Now that you’ve checked off what you have, arrange your list by priority, and divide it into up to four sections. Each week, you are responsible for obtaining the items in each section, creating a full kit inside of a month.

I think you should also consider putting a small first aid kit (antiseptic, bandaids, and gauze) in every individual’s emergency kit, over and above the household one.

Your first stop is your local dollar/99 cent store. The random brand “neosporin” that costs one dollar works just as well as the four dollar name brand. They usually have a wealth of random first aid supplies, but they rotate and you may not be able to find it the next time. My second favorite locale is our Big Lots. For those of you who don’t have one, it’s a closeout store, where retailers send their season’s ends. They have really good deals, many under a dollar. Their selection is also never the same twice.

When all else fails, you can still go to a grocery or drug store. Look for sales, and utilize rewards to maximize your dollar.

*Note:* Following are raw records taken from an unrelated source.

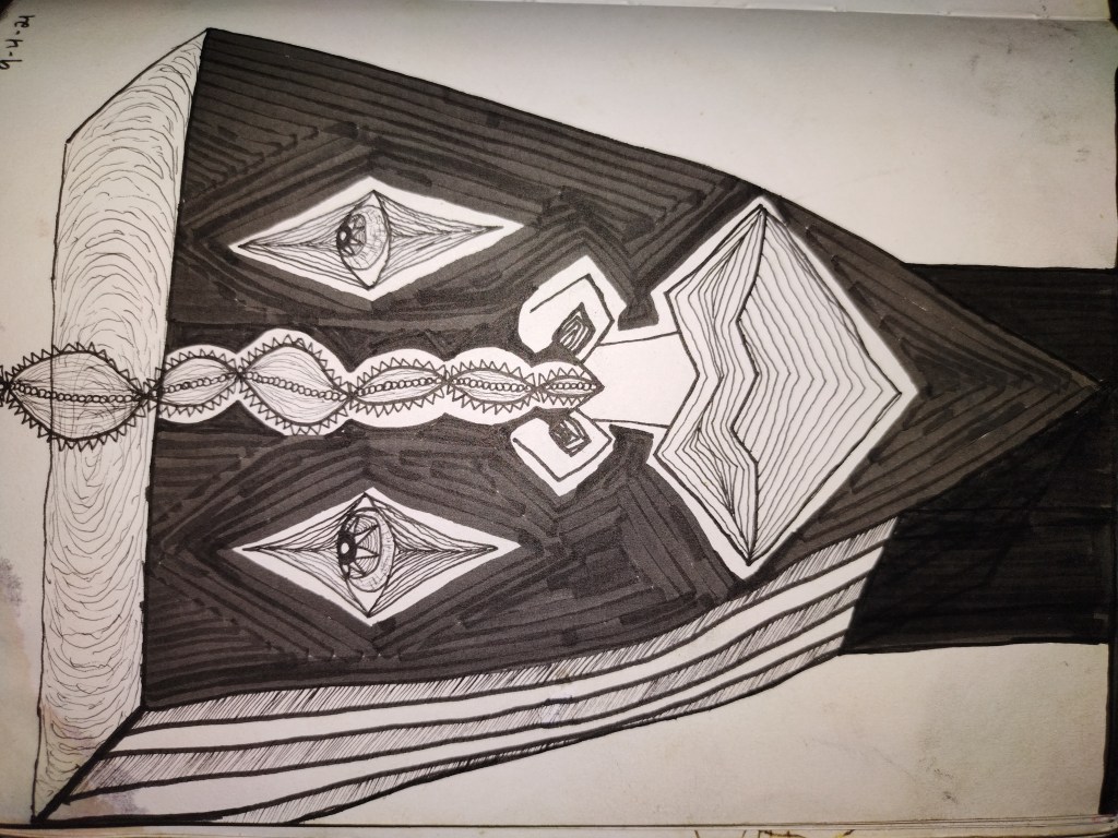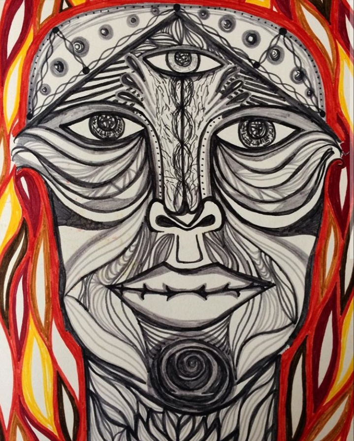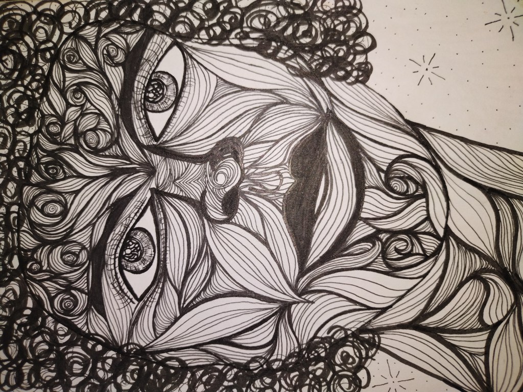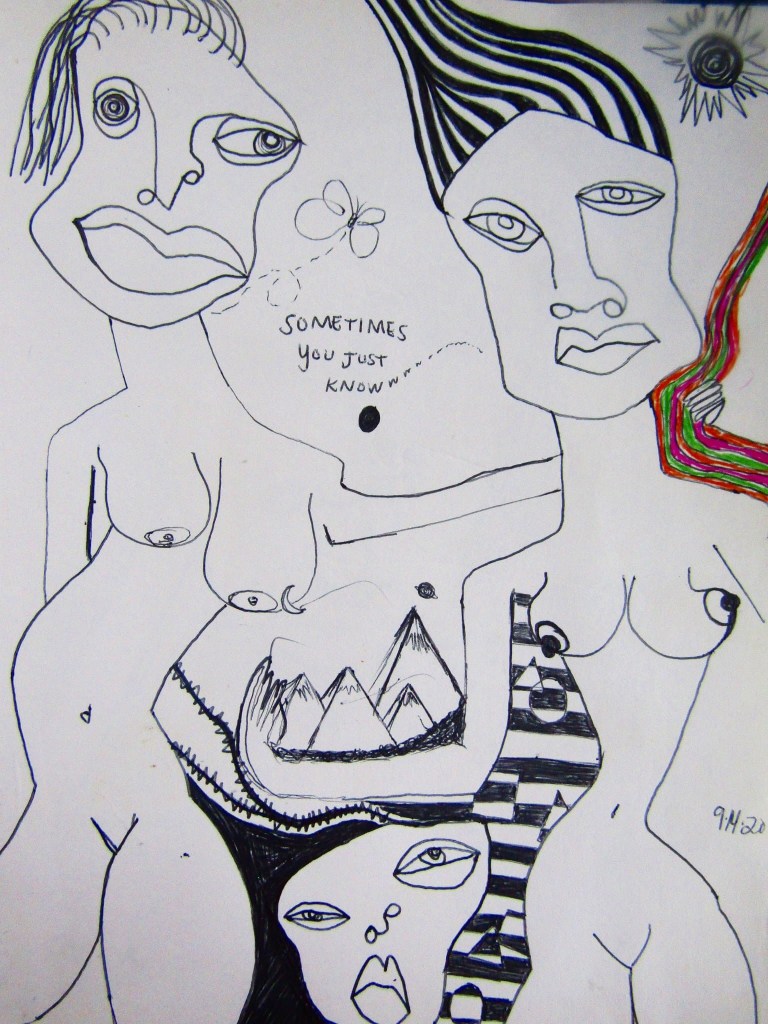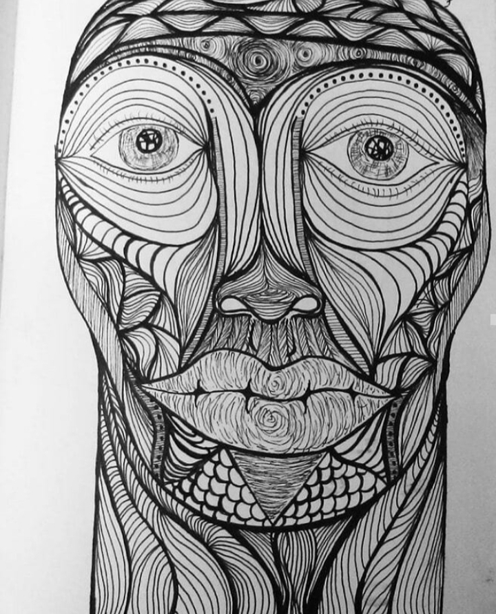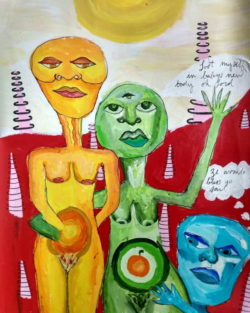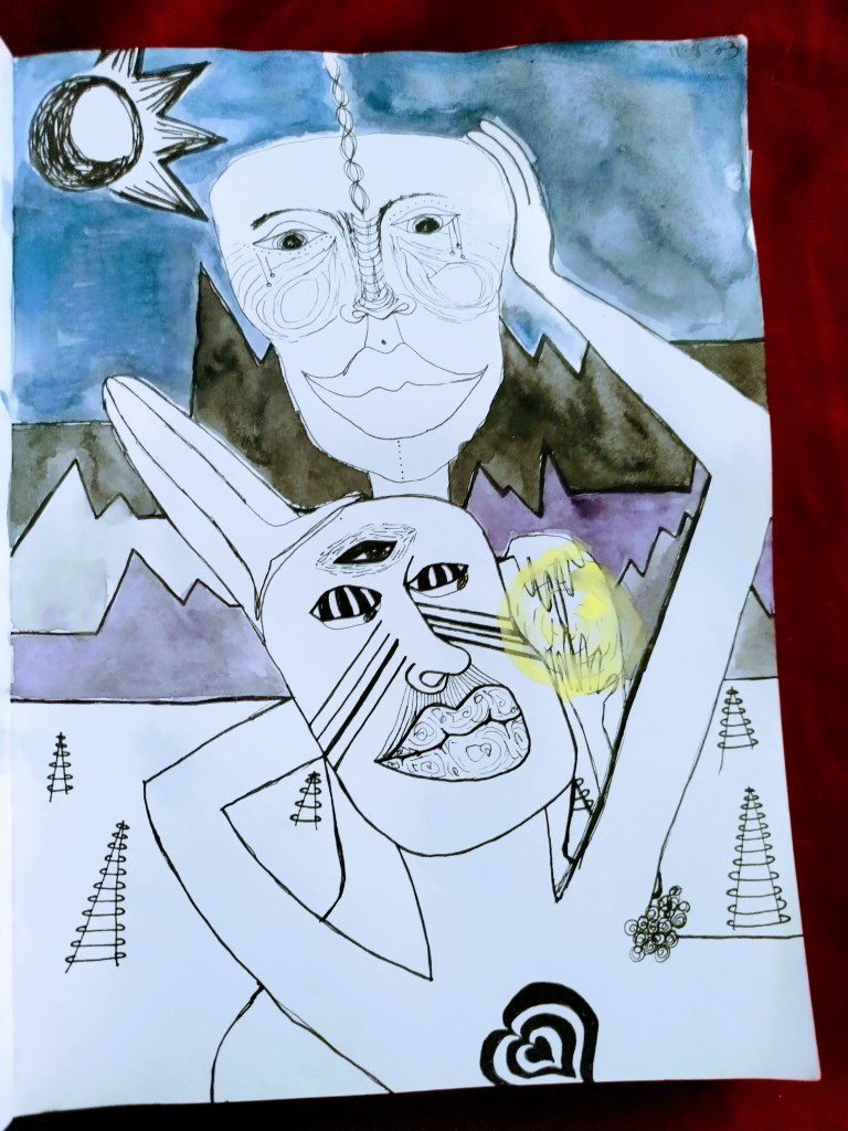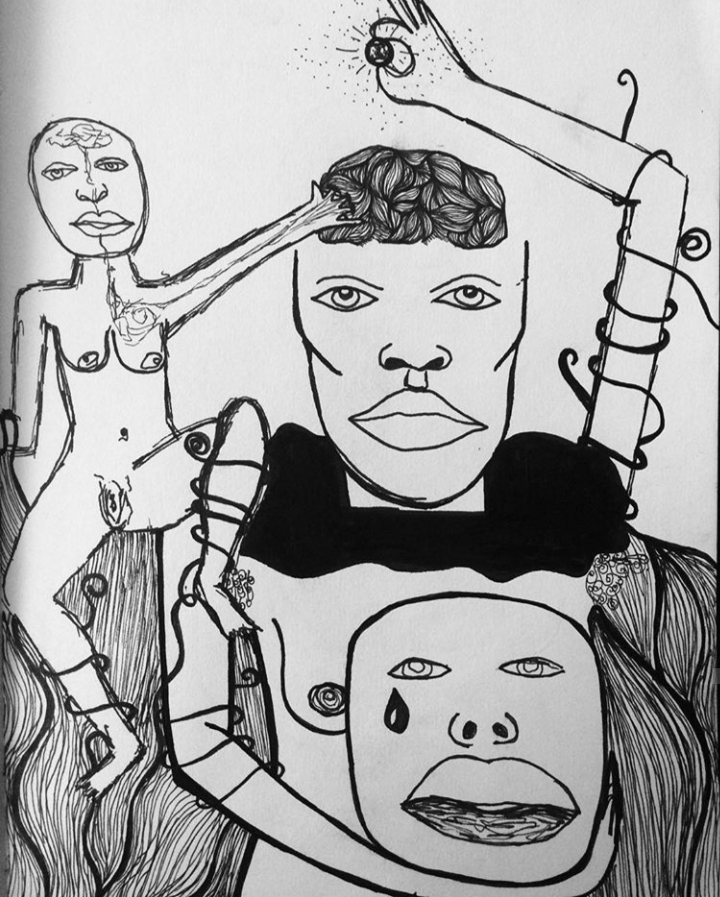 In her ink and paint work, the eyes are always born first, anchoring the piece like soul-beacons or watchers. From there, she steps aside and allows figures, fragments, and forgotten memories to emerge. There is no premeditation. Only presence.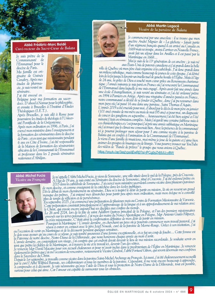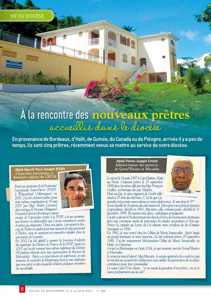Le diocèse de Fort-de-France publie dans son bulletin les portraits concis des cinq nouveaux prêtres qui viennent se mettre à son service – parmi eux, l’ex supérieur du district de France de la FSSP, l’abbé Benoît Paul-Joseph, « heureux de rejoindre la Martinique dont je suis originaire par mon père et où résident quelques membres de ma famille« . Il y a aussi un prêtre des Oblats de Marie Immaculée d’Haïti – jadis en poste en Guyane, dans le diocèse de Cayenne que sa congrégation a du quitter à la demande de Mgr Ransay, un prêtre de l’Emmanuel du diocèse de Paris originaire de Guinée-Conakry, un autre prêtre de l’Emmanuel originaire du Québec ordonné en 1994 à Pamiers, qui a été en poste en France et au Québec avant de faire une année sabbatique en Martinique, et un missionnaire polonais, ordonné en 2015 à Cracovie.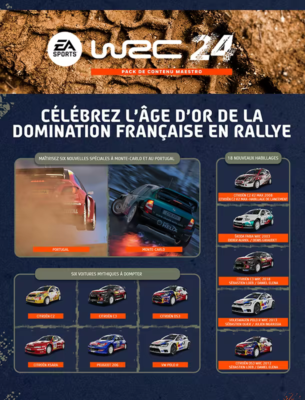 Achetez le pack de contenu Maestros pour EA SPORTS™ WRC 24 et plongez dans une ère dorée du rallye avec ce pack, véritable hommage à la domination française entre la fin des années 1990 et les années 2010. Profitez de 6 spéciales ajoutées à Monte-Carlo et au Portugal, de sept voitures classiques à piloter et d’habillages mythiques.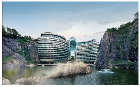 該酒店項目位于上海市松江佘山國家旅游度假區(qū)的天馬山深坑內(nèi),酒店依附深坑崖壁而建,是世界首個建造在廢石坑內(nèi)的自然生態(tài)酒店。該酒店項目海拔負(fù)88米,主體由地上、地下至水面及水下三部分組成,建筑格局為地上2 層、地平面下15層(其中水面以下兩層),客房設(shè)有觀景露臺,賓客可坐享其間欣賞峭壁瀑布美景。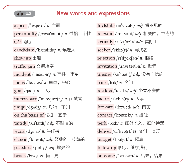 (1)Ifyou were an interviewer and you saw someone come in with shorts and flip flops,would you hire him/her? 如果你是面试官,看到有人穿着短裤和拖鞋来参加面试,你会雇用他/她吗?

If you’re careful with you dollars you should be able to purchase a complex first aid kit for under $50, far better than the limited kits, and far less expensive than the”complete” kits.

One last tip, I look for coupons on first aid supplies, and purchased two mini-first aid kits, like the ones I recommend for your individual kits, for $1.50 each.

Your safety is worth your dollars, but don’t spend what you don’t have to.

{ 1 comment… add one }

  • Jules @ Lovely Las Vegas December 16, 2009, 5:42 am

    Great list! Also, important to remember to check the expiration dates of the medications/creams when buying them and then on occasion to make sure you have current, non-expired medications handy when you really need them.